The land expeditions headed towards important cities –Hellín, Lorca, Orihuela– that had remained in the hands of the government. The navies covered a wide territory that extended from Valencia to Malaga, and this despite the fact that the government declared all the cantonal ships pirates, so some of them were captured by the British and German navies.
The decline of the cantonalist experience occurred after the defeat of Chinchilla (August 10, 1873) at the hands of General Martínez Campos. In addition to the human and material losses, the military failure left the road open to Murcia, which was occupied by the government army on the 13th of the same month. The Boards of the cantonal localities were dissolved and only the canton of Cartagena resisted.
The siege of the city, which was to last six months, was extremely violent. Some 30,000 artillery shells fell on the city in that time, destroying 80% of it and with episodes as dramatic as the explosion of the Artillery Park that caused the death of more than 500 civilians. This fact hastened the final surrender.
Political action and ideology.
The political measures imposed by the cantonal governments, although with slight local variations, had a clear progressive imprint:pardon of political prisoners, seizure of ecclesiastical property, eight-hour working day, suppression of monopolies, suppression of consumption, recognition of divorce , repeal of the death penalty, right to work, etc.
This progressive policy was accompanied by other gestures that strengthened it, such as the adoption of the red flag or the use of a political vocabulary inherited from the French Revolution. Likewise, the influence of the recent Paris Commune (March 18-May 28, 1871) was present in the revolutionary action of the canton.
The most clearly manifest ideology is federal republicanism. It is, however, a republicanism still imbued with an enlightened and messianic spirit:calls for civic virtues, political honesty, courage, enlightenment of the people, patriotism, etc. These ideas were far from seeking a revolutionary rupture since pragmatism, consideration for constitutional principles and respect for private property predominated in them
The links between the Murcian canton and the International are far from clear. Although the Cartagena Board incorporated some members of this organization, others, such as Murcia, opposed any relationship with it. In fact, the ideological distance is clear in crucial issues such as the treatment of property or social measures.
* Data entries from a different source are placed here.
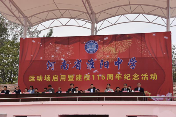 10月20日的淮陽中學校園內(nèi)金菊綻放,彩旗飄揚,洋溢著一派喜慶氛圍。來自全國各地的淮陽中學畢業(yè)生代表和各界嘉賓歡聚在學校新投入使用的運動場,共同見證淮陽中學建校115周年慶典暨新運動場啟動儀式。縣委書記馬明超,縣委常委、宣傳部長謝留定,縣委常委、辦公室主任馮濤,縣人大常委會副主任張凌君,縣政協(xié)副主席李守運以及淮陽中學畢業(yè)生代表、縣直機關(guān)代表、教育系統(tǒng)代表出席慶典儀式。副縣長薛燕主持慶典儀式暨新運動場啟動儀式。
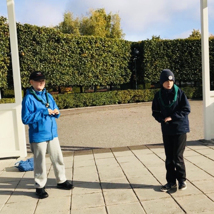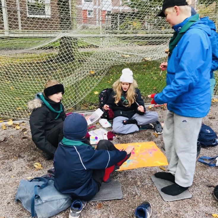 Rasti 1: tehdään taidetta ilman käsiä eli pensseliä pidetään varpailla ja/ tai suulla. Tällä rastilla lähdöstä on kulunut jo melkein tunti. Aikuisena saattajana ajattelen, että otetaan tavoitteeksi vaikka puolet rasteista. Mutta tästä eteenpäin Koirien vauhti kiihtyy. Lopulta ehdimme jokaiselle rastille sekä lukuisiin leikkipuistoihin.
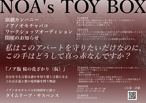 詳細についてや選考結果などはすべてメールにてのお知らせとなります。お知らせいただくメールアドレスは、noatoybox@ymail.ne.jpからのメールが受信可能な状態に設定してください。
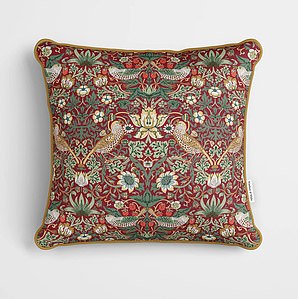 A timeless print by 1800s designer William Morris, this cushion graces an armchair in the library.
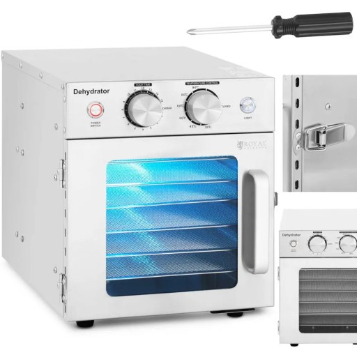 Suszarka do żywności marki Royal Catering umożliwia wysuszenie grzybów, warzyw, owoców a także mięsa czy ziół. Duża moc urządzenia 500 W gwarantuje szybką i skuteczną pracę. Temperatura regulowana jest w zakresie 30-90°C. Timer umożliwia utrzymywanie jej w zakresie 0-15 h. Wnętrze urządzenia wyposażone zostało w 6 tac ze stali nierdzewnej. Obudowę wykonano ze stali nierdzewnej. Drzwiczki posiadają okno z hartowanego szkła. Gumowe nóżki zapewniają urządzeniu stabilność.
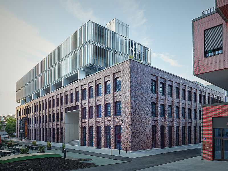 Heute kennzeichnen Dienstleistung, Digitalisierung und Design statt industrieller Produktion das Gebiet. Die „Macherei“ ist solch ein Schmelztiegel moderner Lebens- und Arbeitswelten. Die sechs individuell gestalteten Gebäude beherbergen Handel, Gastronomie, Hotel, ein Fitnessstudio sowie Loftbüros. Die in Stahlbeton ausgeführten Bauten werden größtenteils von Ziegelfassaden in unterschiedlichen Farbtönen geprägt. Am Gebäude M5 kamen dabei Klinkerriemchen von Gima im Format 240/15/71 Millimeter zum Einsatz, die direkt auf das Wärmedämmverbundsystem geklebt wurden. Durch ein spezielles Kohle-Salzbrandverfahren entstand hierfür eine projektspezifische Sortierung der Farbe Erbusco FKSG. Am Gebäude M6 wiederum wurde die Sortierung Breno FKSG im Format 240/115/52 Millimeter verwendet. Auch hier erhielt der Stein auf Basis eines roten, rustikal anmutenden Scherbens seine raue Struktur mit Verwerfungen in der Oberfläche. Eine Besonderheit des Projekts stellen die als Fertigteile im hauseigenen Werk vorfabrizierten Rundbögen über den Fenstern dar.
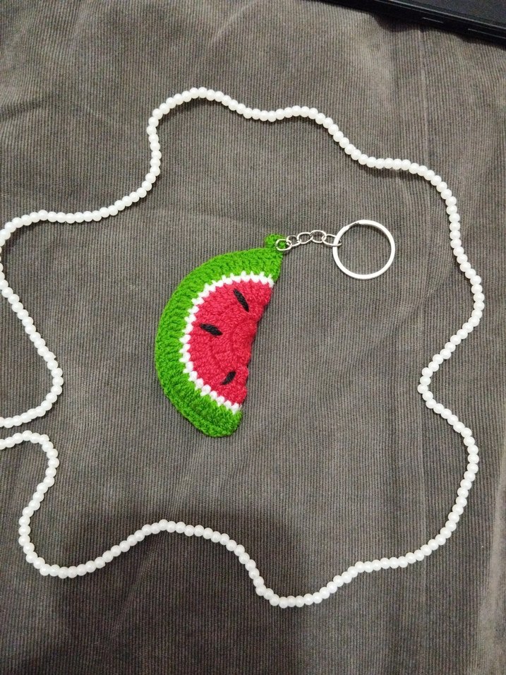 karpuz dilimi şeklinde, minimalist ve bohem tarzda anahtarlık. Anahtarlarınıza retro hippie havası katar.
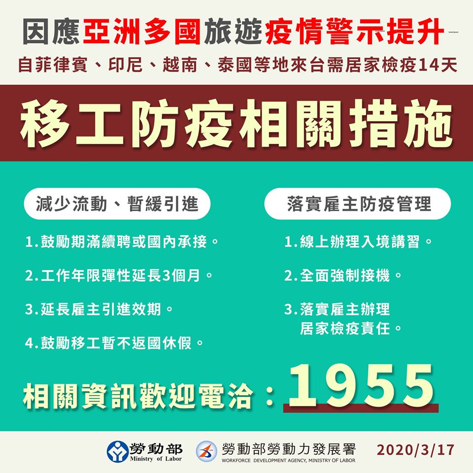 印尼、越南、菲律賓及泰國等移工來源國,將自3月19日起,嚴重特殊傳染性肺炎(COVID-19)疫情建議等級提升至第3級,但是自3月17日16時尚未登機入境者,依規定均須居家檢疫14天,不得外出工作。勞動部推出「鼓勵移工期滿續聘、國內承接、暫不返國」措施,並依據《嚴重特殊傳染性肺炎防治及紓困振興特別條例》第7條報請指揮官同意採取必要措施,及增定「入境移工居家檢疫計畫書」,呼籲雇主及仲介公司全力協助配合,以免移工入出境造成國內防疫破口。
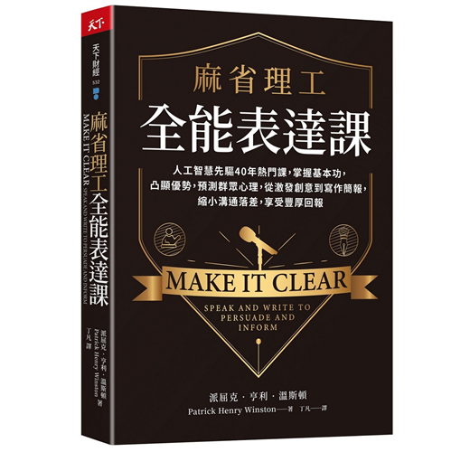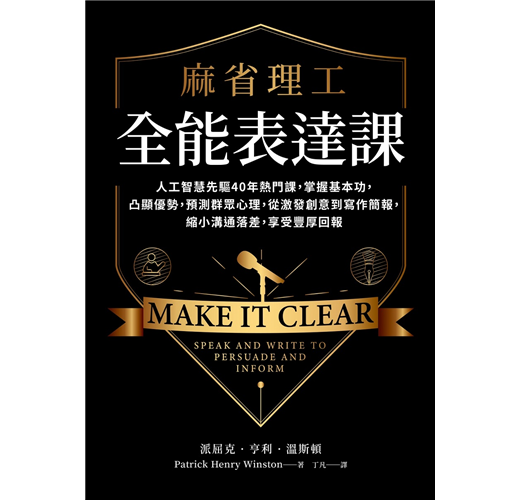 本書作者在MIT任教近50年,是最受歡迎的教授之一,在MIT人工智慧實驗室擔任主任25年,致力開發人類智慧AI系統。他認為無論想法多有見地,除非能以清晰明確且富有情感的方式表達,否則難以引人注意。
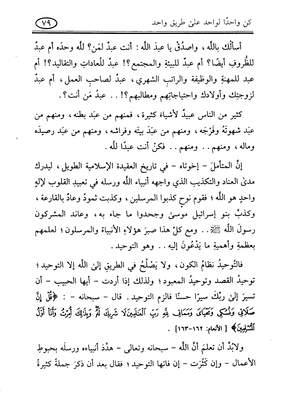فالتوحيد نظام الكون , ولا يصلح في الطريق إلى الله الا التوحيد , توحيد القصد وتوحيد المعبود ولذلك اذا أردت - أيها الحبيب - أن تسير إلى ربك سيرا حسنا فالزم التوحيد , قال - سبحانه وتعالى - " قل ان صلاتى ونسكى ومحياى ومماتى لله رب العالمين لا شريك له وبذلك أمرت وأنا أول المسلمين " (الانعام: 162 - 163).

The social composition of the revolutionaries had an unquestionable petty-bourgeois character, with an important military component. This was the leading sector of the uprising that enjoyed, however, broad popular support based on the belief in the aforementioned republican myths.
Bibliography.
The canton of Cartagena (s.f.) In Wikipedia . Retrieved on December 16, 2016 from https://es.wikipedia.org/wiki/Cant%C3%B3n_de_Cartagena
Echenagusia, J. (2016). The First Republic. Reformism and social revolution . Madrid:RBA Books.
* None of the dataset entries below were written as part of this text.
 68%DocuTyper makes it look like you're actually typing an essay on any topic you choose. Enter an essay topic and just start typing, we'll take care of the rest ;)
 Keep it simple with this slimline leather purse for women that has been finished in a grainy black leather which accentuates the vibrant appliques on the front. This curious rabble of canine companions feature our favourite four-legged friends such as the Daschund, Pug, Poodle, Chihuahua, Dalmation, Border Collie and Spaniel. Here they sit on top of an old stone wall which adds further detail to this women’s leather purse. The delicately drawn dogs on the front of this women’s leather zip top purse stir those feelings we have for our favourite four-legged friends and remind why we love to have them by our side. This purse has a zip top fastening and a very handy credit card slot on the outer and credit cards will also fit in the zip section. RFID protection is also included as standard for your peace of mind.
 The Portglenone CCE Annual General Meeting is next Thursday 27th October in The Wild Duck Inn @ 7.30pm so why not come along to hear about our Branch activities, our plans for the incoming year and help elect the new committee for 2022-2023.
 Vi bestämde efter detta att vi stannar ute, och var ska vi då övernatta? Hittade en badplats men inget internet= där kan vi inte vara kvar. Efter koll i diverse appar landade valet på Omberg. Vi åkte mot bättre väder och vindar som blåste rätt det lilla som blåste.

Gomez-Villamon, A. (2016). «The First Republic and the canton of Cartagena». Region of Murcia Digital. Retrieved from:http://www.regmurcia.com/servlet/s.Sl?sit=c,373,m,1915&r=ReP-25356-DETALLE_REPORTAJES
Puig, A. (1990). The Murcian canton . Murcia:Alfonso X el Sabio Academy.
Sender, R.J. (1997). Mr Witt in the canton . Madrid:Alianza Ed.
Victoria, D. (1996). The Murcian Canton . Journal of the cantonalist revolution. Annals of Contemporary History , 12. University of Murcia.
Vilar, J.B. (1983). The Democratic six-year term and the Murcian canton. Murcia:Alfonso X el Sabio Academy.